Task requirements:
Please restate word for word the lines of the entries below from the one with "サッカーJ2・ベガルタ仙台は" to the one with "インディヴィ INDIVI テーパードパンツ", inclusive, and leave out every picture.

Records supplied:
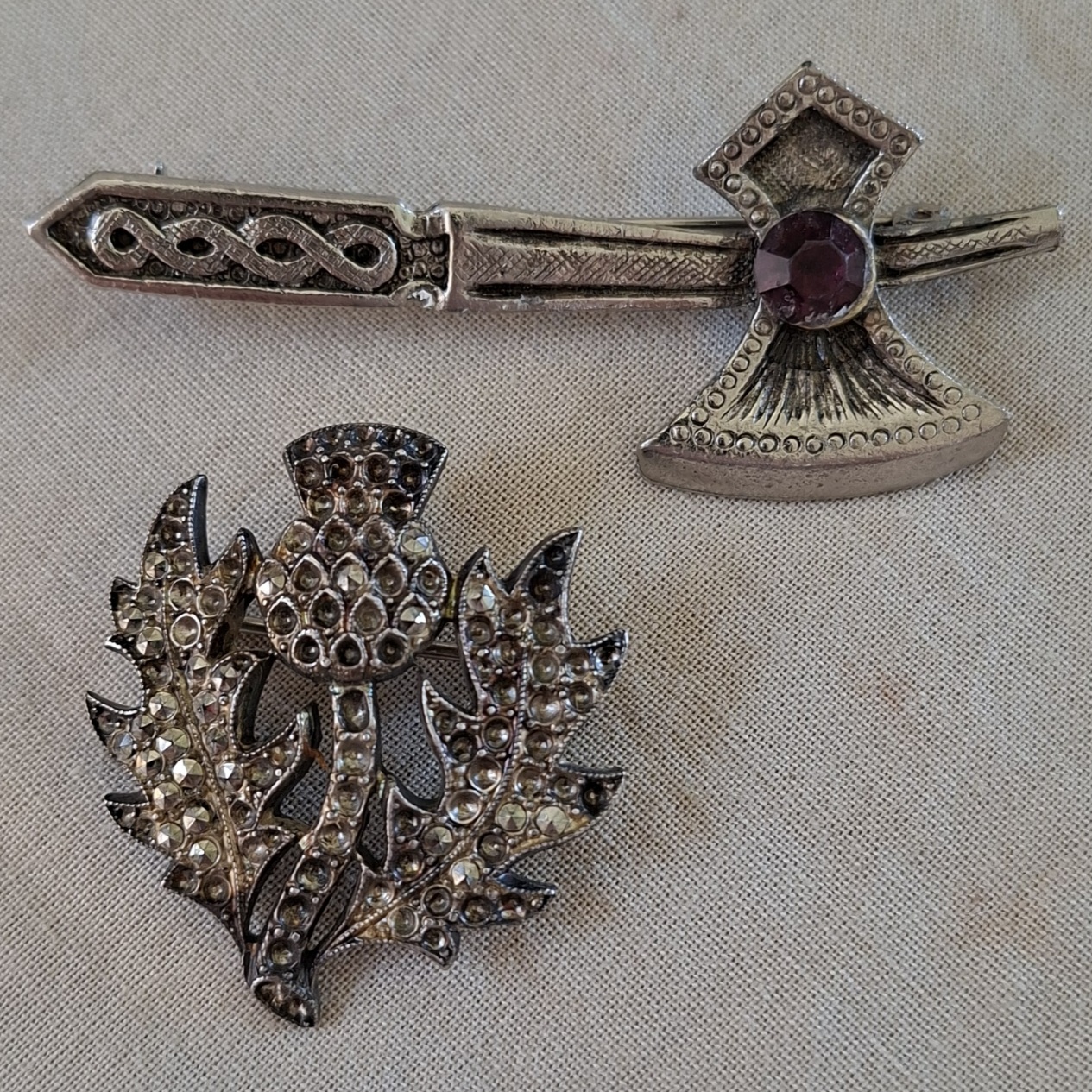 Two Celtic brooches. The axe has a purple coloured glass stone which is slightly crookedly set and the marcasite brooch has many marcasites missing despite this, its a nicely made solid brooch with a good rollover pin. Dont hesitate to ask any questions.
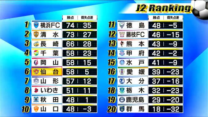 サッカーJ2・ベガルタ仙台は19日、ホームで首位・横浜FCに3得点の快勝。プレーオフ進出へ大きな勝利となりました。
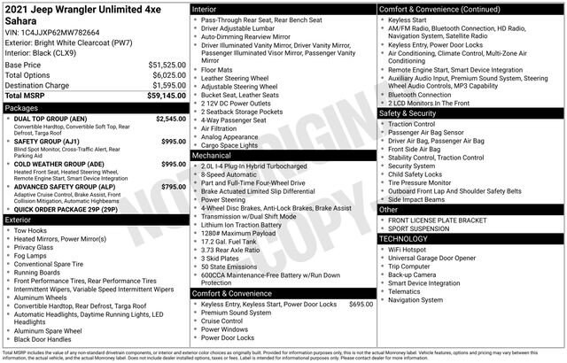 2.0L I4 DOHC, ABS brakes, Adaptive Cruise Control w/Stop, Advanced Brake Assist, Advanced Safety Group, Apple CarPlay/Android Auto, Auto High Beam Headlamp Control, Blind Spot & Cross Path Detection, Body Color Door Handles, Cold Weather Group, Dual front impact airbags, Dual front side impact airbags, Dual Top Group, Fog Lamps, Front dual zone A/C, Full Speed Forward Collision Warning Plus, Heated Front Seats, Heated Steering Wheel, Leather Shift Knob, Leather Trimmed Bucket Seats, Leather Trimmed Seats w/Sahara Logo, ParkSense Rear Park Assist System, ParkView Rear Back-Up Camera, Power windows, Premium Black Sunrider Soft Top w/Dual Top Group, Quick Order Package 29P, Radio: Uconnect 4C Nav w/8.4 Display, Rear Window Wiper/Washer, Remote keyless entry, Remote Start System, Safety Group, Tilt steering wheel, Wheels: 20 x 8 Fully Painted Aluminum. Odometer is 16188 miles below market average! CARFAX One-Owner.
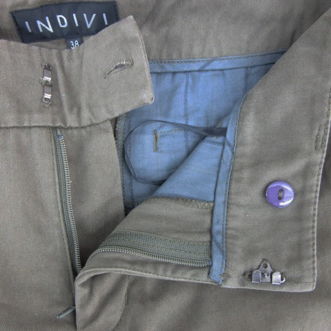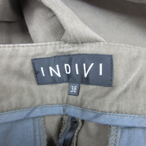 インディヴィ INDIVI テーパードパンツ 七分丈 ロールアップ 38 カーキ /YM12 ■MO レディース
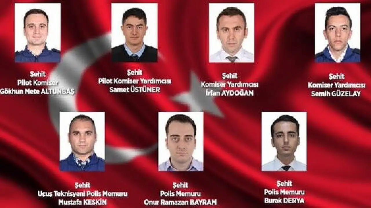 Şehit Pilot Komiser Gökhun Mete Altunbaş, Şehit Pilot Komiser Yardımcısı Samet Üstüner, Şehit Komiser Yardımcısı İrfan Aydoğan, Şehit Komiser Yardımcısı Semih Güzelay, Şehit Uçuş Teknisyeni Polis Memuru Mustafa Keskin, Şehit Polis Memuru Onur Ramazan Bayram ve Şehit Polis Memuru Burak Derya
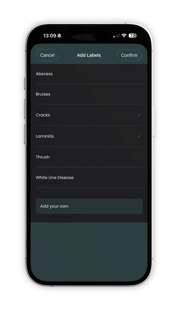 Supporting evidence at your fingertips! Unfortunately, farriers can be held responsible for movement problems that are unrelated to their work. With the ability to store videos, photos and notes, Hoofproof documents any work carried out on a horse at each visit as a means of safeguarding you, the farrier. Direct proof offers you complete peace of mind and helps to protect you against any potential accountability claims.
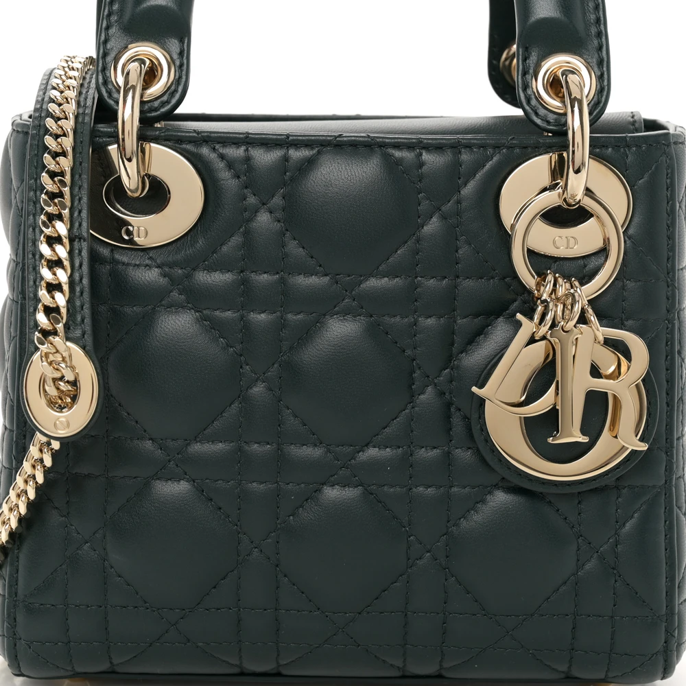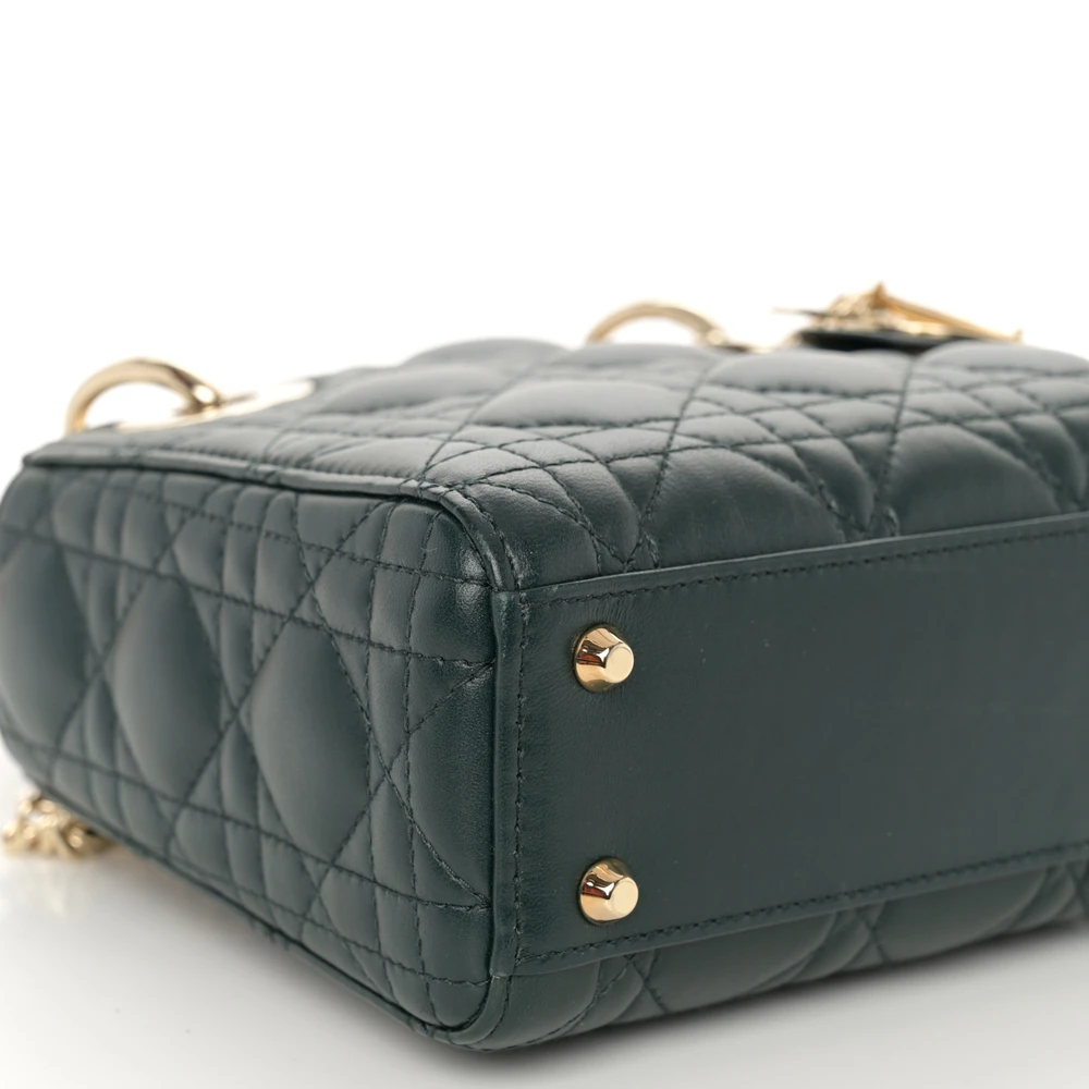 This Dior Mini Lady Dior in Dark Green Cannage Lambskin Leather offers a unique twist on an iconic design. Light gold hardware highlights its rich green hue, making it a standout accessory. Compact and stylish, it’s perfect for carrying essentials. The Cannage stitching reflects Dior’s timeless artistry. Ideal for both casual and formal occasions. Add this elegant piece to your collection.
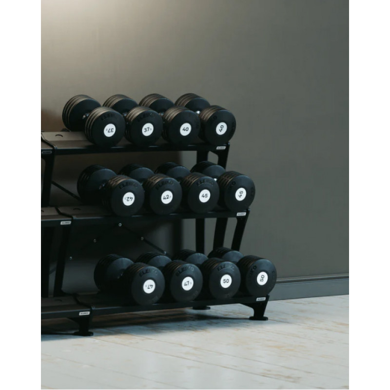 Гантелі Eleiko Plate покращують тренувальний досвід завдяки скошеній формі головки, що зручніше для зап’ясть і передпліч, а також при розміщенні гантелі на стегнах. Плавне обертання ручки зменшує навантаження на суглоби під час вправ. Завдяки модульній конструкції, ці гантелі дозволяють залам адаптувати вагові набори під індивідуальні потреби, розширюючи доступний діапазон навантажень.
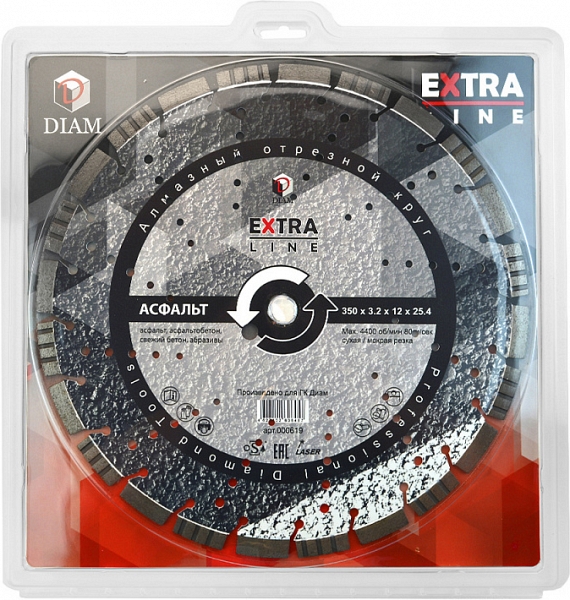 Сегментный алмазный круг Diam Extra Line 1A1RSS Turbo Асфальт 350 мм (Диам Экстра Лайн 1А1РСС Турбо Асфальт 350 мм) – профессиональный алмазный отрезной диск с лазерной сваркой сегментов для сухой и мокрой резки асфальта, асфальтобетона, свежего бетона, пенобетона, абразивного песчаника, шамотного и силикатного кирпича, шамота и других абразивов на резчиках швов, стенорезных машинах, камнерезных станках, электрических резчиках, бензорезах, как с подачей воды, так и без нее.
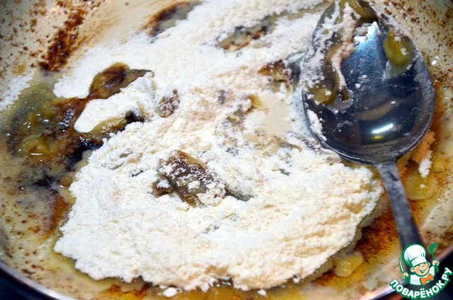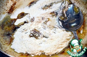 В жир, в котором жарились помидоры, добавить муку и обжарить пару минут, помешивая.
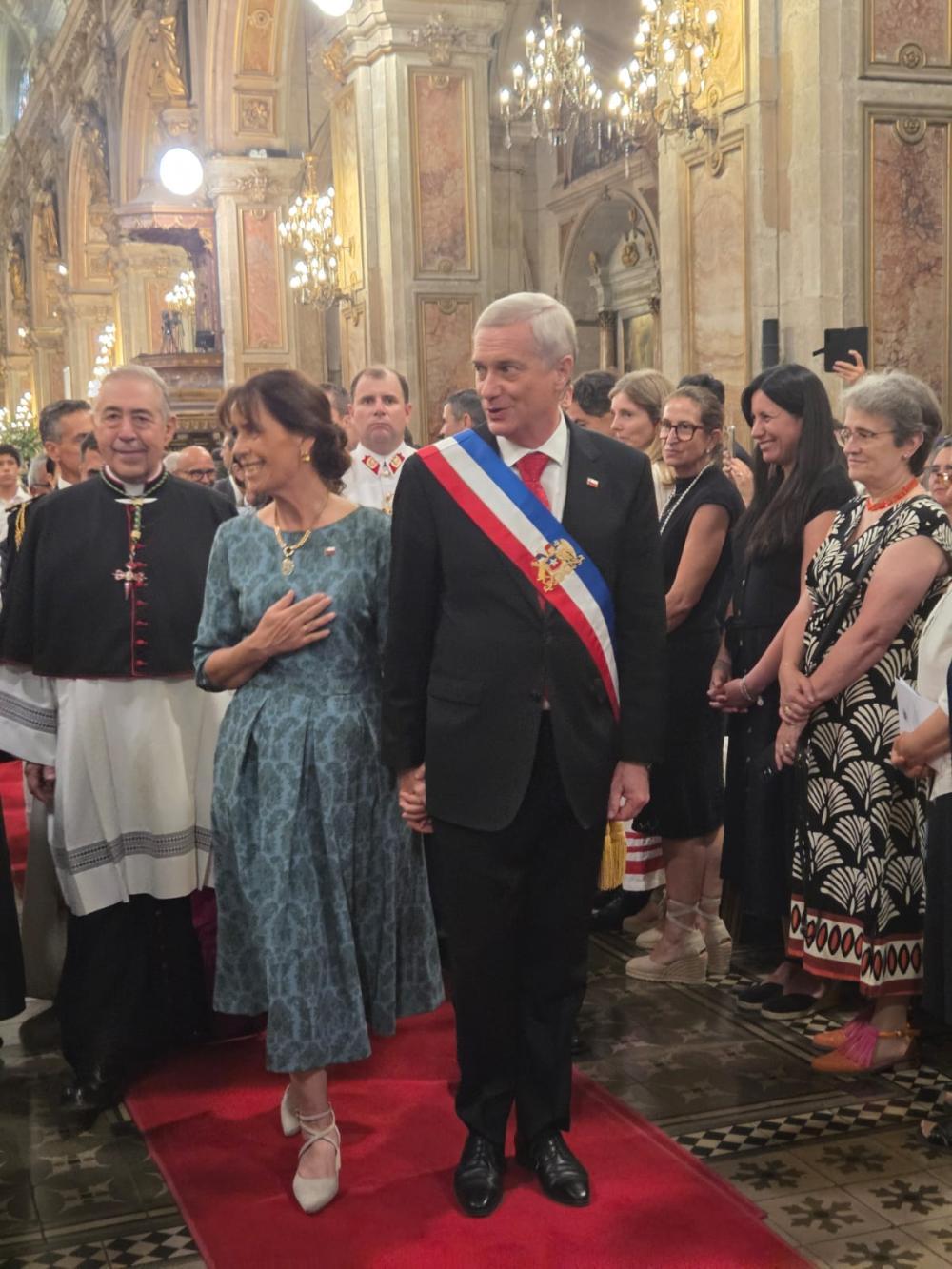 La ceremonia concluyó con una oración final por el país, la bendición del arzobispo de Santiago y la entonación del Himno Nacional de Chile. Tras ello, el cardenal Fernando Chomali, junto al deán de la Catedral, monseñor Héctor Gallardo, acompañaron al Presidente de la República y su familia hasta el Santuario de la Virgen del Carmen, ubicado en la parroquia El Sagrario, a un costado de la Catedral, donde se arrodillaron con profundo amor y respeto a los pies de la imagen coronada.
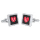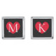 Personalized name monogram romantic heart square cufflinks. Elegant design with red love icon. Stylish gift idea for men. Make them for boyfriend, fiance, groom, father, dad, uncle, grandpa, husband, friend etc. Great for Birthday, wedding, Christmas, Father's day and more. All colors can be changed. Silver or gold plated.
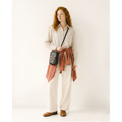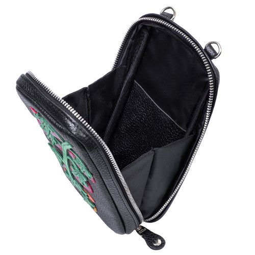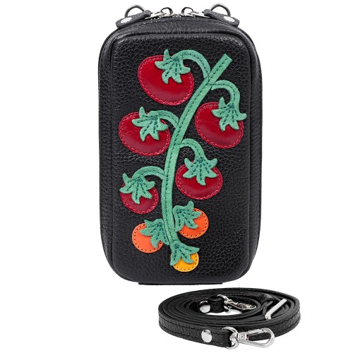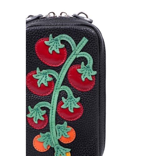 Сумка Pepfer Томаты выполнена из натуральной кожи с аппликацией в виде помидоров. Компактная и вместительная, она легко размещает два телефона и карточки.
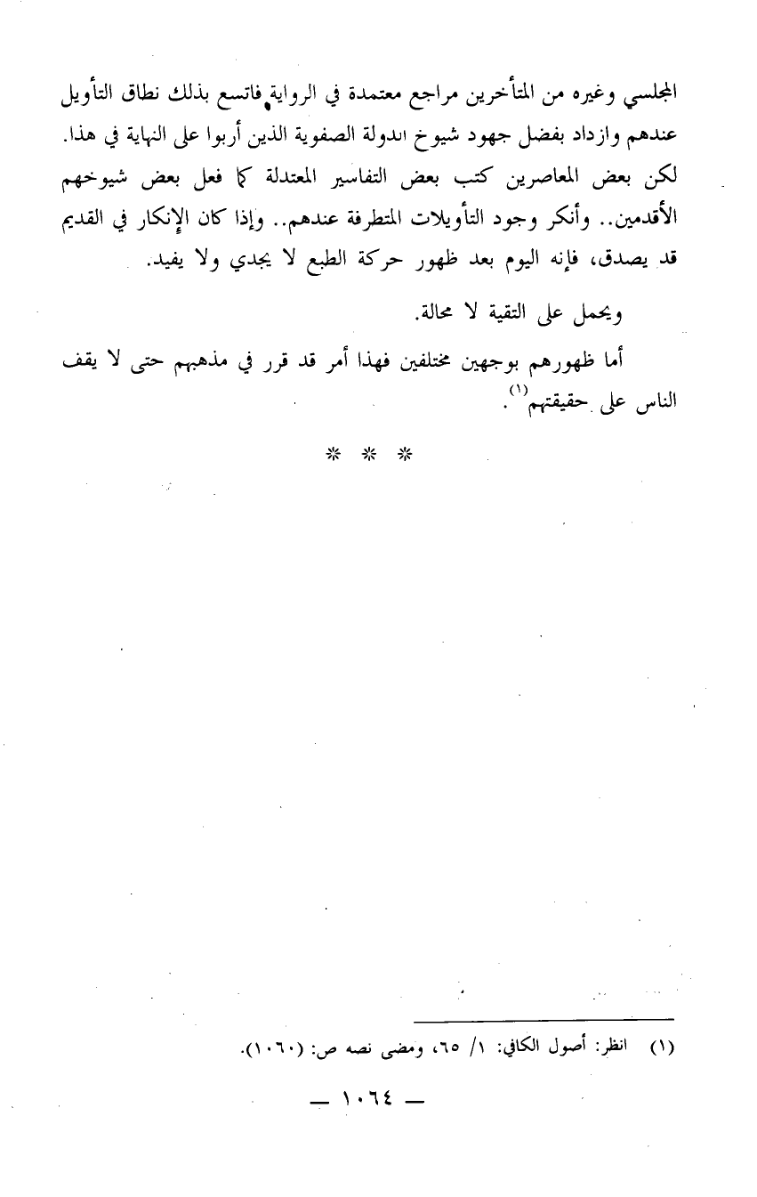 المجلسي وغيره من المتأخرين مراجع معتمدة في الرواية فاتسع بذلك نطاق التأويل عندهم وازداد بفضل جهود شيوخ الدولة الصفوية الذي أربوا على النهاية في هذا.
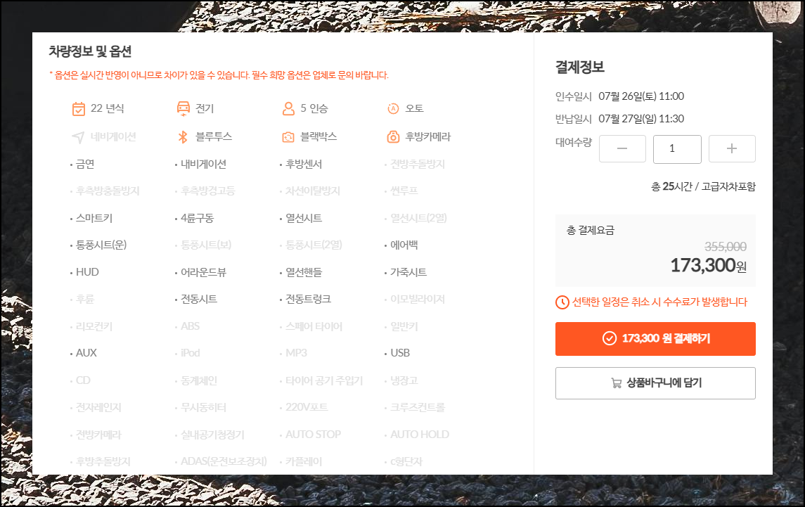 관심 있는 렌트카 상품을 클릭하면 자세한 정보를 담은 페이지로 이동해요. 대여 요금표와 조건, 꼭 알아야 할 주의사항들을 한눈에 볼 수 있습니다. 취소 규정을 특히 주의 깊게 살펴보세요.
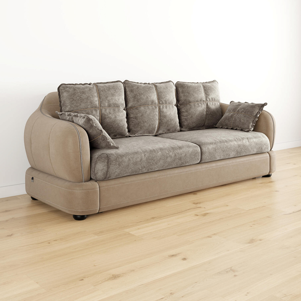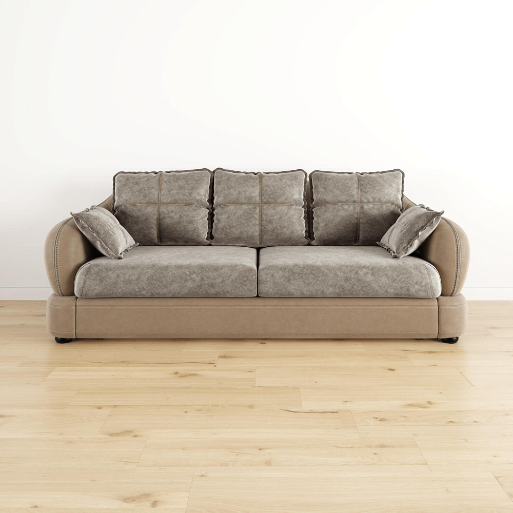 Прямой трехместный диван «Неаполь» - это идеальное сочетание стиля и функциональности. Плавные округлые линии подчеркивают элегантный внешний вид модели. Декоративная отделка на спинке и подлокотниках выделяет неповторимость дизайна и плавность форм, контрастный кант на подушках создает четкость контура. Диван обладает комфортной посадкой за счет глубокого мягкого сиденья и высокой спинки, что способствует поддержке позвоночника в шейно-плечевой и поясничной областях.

Exercise output:
 サッカーJ2・ベガルタ仙台は19日、ホームで首位・横浜FCに3得点の快勝。プレーオフ進出へ大きな勝利となりました。
 2.0L I4 DOHC, ABS brakes, Adaptive Cruise Control w/Stop, Advanced Brake Assist, Advanced Safety Group, Apple CarPlay/Android Auto, Auto High Beam Headlamp Control, Blind Spot & Cross Path Detection, Body Color Door Handles, Cold Weather Group, Dual front impact airbags, Dual front side impact airbags, Dual Top Group, Fog Lamps, Front dual zone A/C, Full Speed Forward Collision Warning Plus, Heated Front Seats, Heated Steering Wheel, Leather Shift Knob, Leather Trimmed Bucket Seats, Leather Trimmed Seats w/Sahara Logo, ParkSense Rear Park Assist System, ParkView Rear Back-Up Camera, Power windows, Premium Black Sunrider Soft Top w/Dual Top Group, Quick Order Package 29P, Radio: Uconnect 4C Nav w/8.4 Display, Rear Window Wiper/Washer, Remote keyless entry, Remote Start System, Safety Group, Tilt steering wheel, Wheels: 20 x 8 Fully Painted Aluminum. Odometer is 16188 miles below market average! CARFAX One-Owner.
 インディヴィ INDIVI テーパードパンツ 七分丈 ロールアップ 38 カーキ /YM12 ■MO レディース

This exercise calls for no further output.